Барс только закрыл глаза и выдохнул весь воздух, что ещё
оставался в лёгких. Если первая волна была такой,
то чего же ждать дальше?
И в этот миг пришёл новый страх от осознания, что
стал беззащитным перед Фениксом. С чего он вдруг решил,
что можно тому доверять?! Почему не допустил мысли
о возможной ловушке и только сейчас обратил внимание, как
ловко новый знакомый втёрся в доверие? Вероятно, слишком
уж заманчивой показалась перспектива сделать того носителем
второй части «цепи судьбы».
Имелся и ещё один вариант: Феникс действительно телепат,
мутант, способный не только читать, но и внушать
свои мысли другим. Странно, что эта мысль не пришла
в голову раньше. Или как раз не странно? Может, тот
намеренно запустил аномалию, а потом заставил возжелать этот
сраный артефакт, чтобы повязать беспомощного Барса без усилий.
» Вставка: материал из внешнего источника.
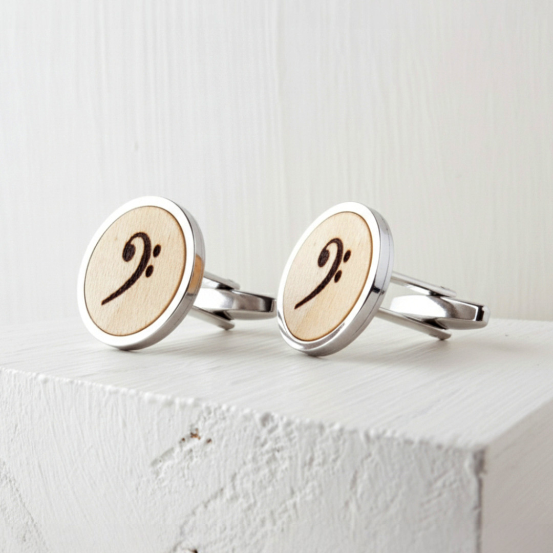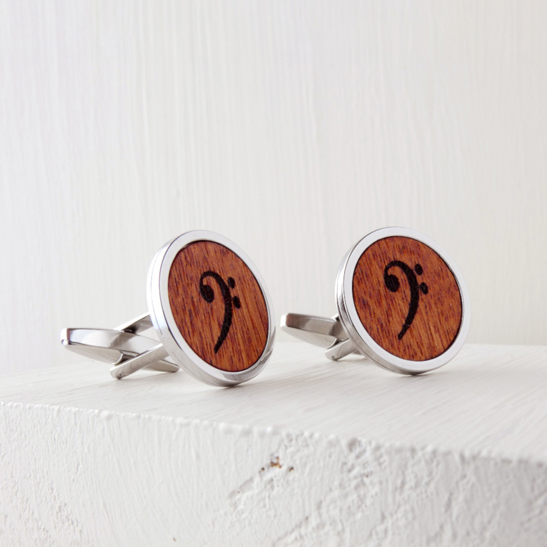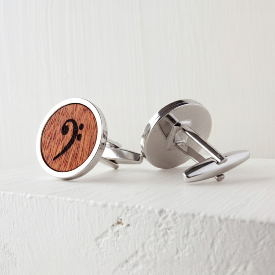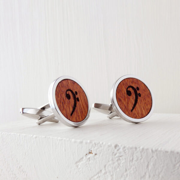 Wooden Bass Clef Cufflinks – Gift for Musicians
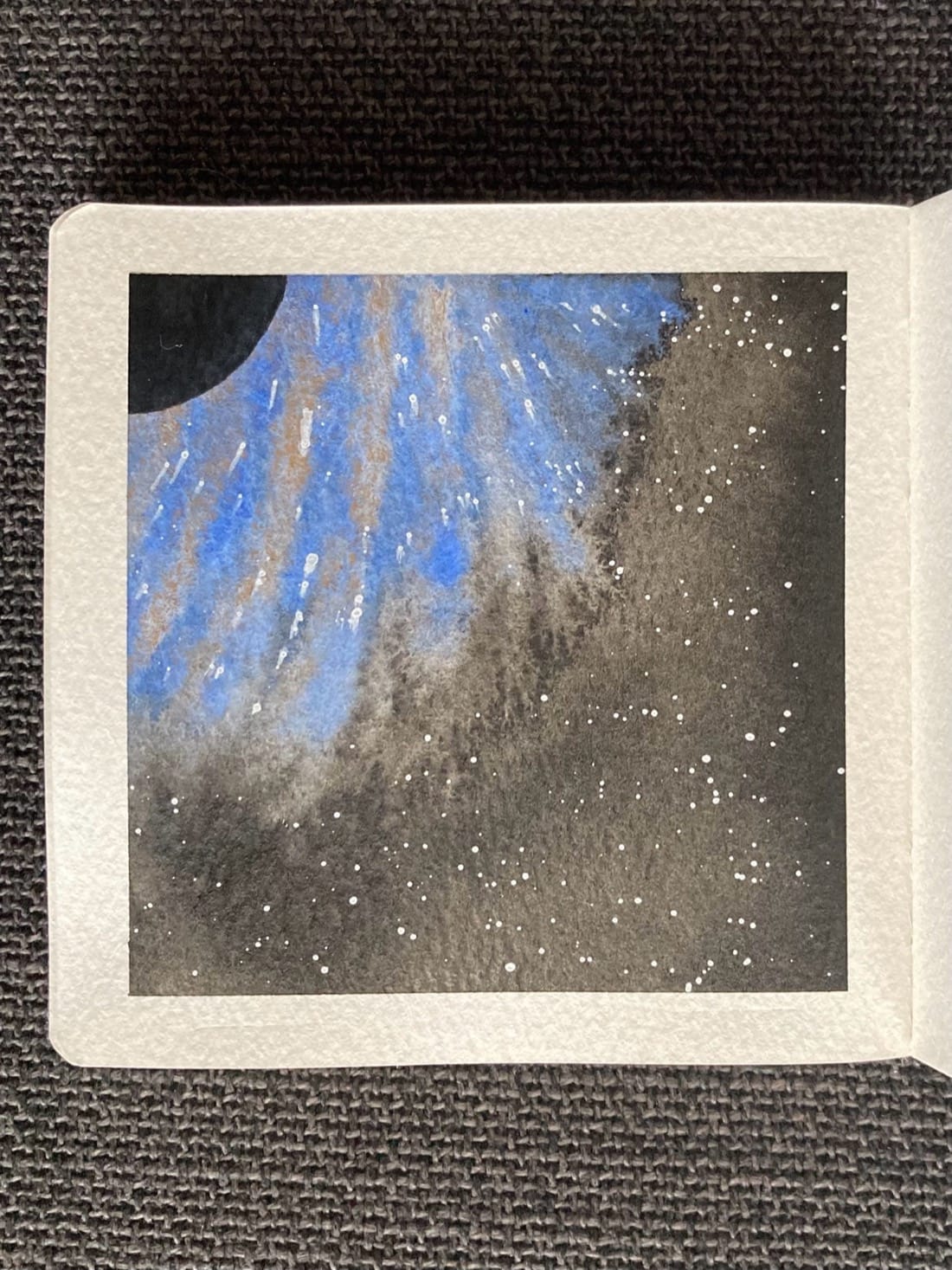 Black hole in Ultra Grey (gouache), Ultramarine, and Fairytale Gold. Black hole center: Ivory Black and Payne’s Grey Background: Ivory Black Stars: White gouache
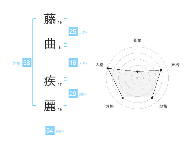 藤曲 疾麗さんを姓名の画数から五運を鑑定
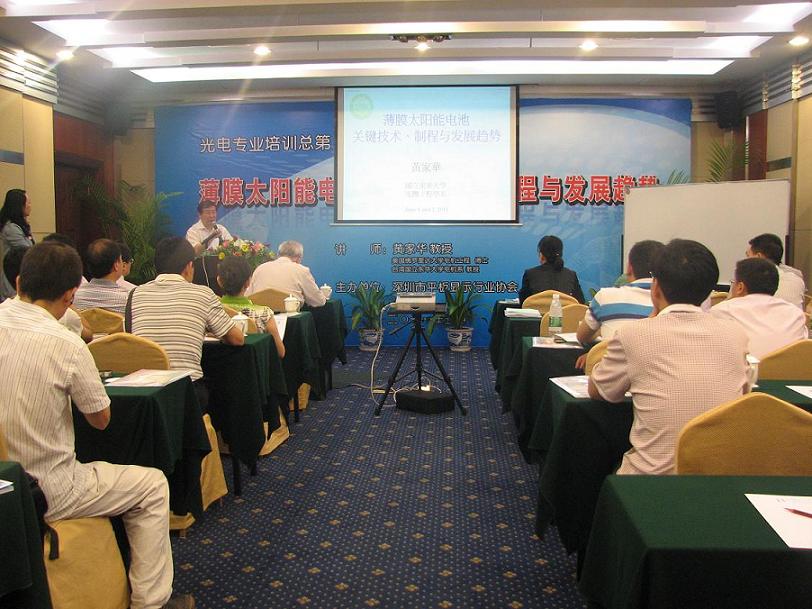 2011年6月1--2日,由深圳市平板顯示行業(yè)協(xié)會舉辦的“薄膜太陽能電池關(guān)鍵技術(shù)、制程與發(fā)展趨勢”培訓(xùn)在深圳明華國際會議中心如期召開。共計30名來自各地光電企業(yè),還有部分光學(xué)企業(yè)的管理者、技術(shù)人員、市場人員參加了此次“薄膜太陽能電池關(guān)鍵技術(shù)、制程與發(fā)展趨勢”的專業(yè)知識培訓(xùn)。深圳市平板顯示行業(yè)協(xié)會秘書長孫政民先生在開學(xué)儀式上致辭并講話。

Тут
мозг пронзила другая мысль, ещё более пугающая: вдруг Фениксу нужен
вовсе не он — Барс, а Сашка, точнее «цепь судьбы»?!
Это же логично! Теперь и само неожиданное появление этого
загадочного человека не кажется случайностью.
Впервые Барсу захотелось вырвать не до конца
вживлённый артефакт. Но ощущение расплавленного металла
в плече сменилось жгучим холодом, от которого кровь
начала замерзать в венах и рвать их острыми ледяными
кристаллами. Барс зарычал, яростно вглядываясь в темноту под
закрытыми веками, не в силах открыть глаза. Кости будто
погрузили в расплавленное олово, и там, где жар
сталкивался с мертвенным холодом, возникла ослепляющая боль,
терпеть которую молча не хватило бы никакой силы воли.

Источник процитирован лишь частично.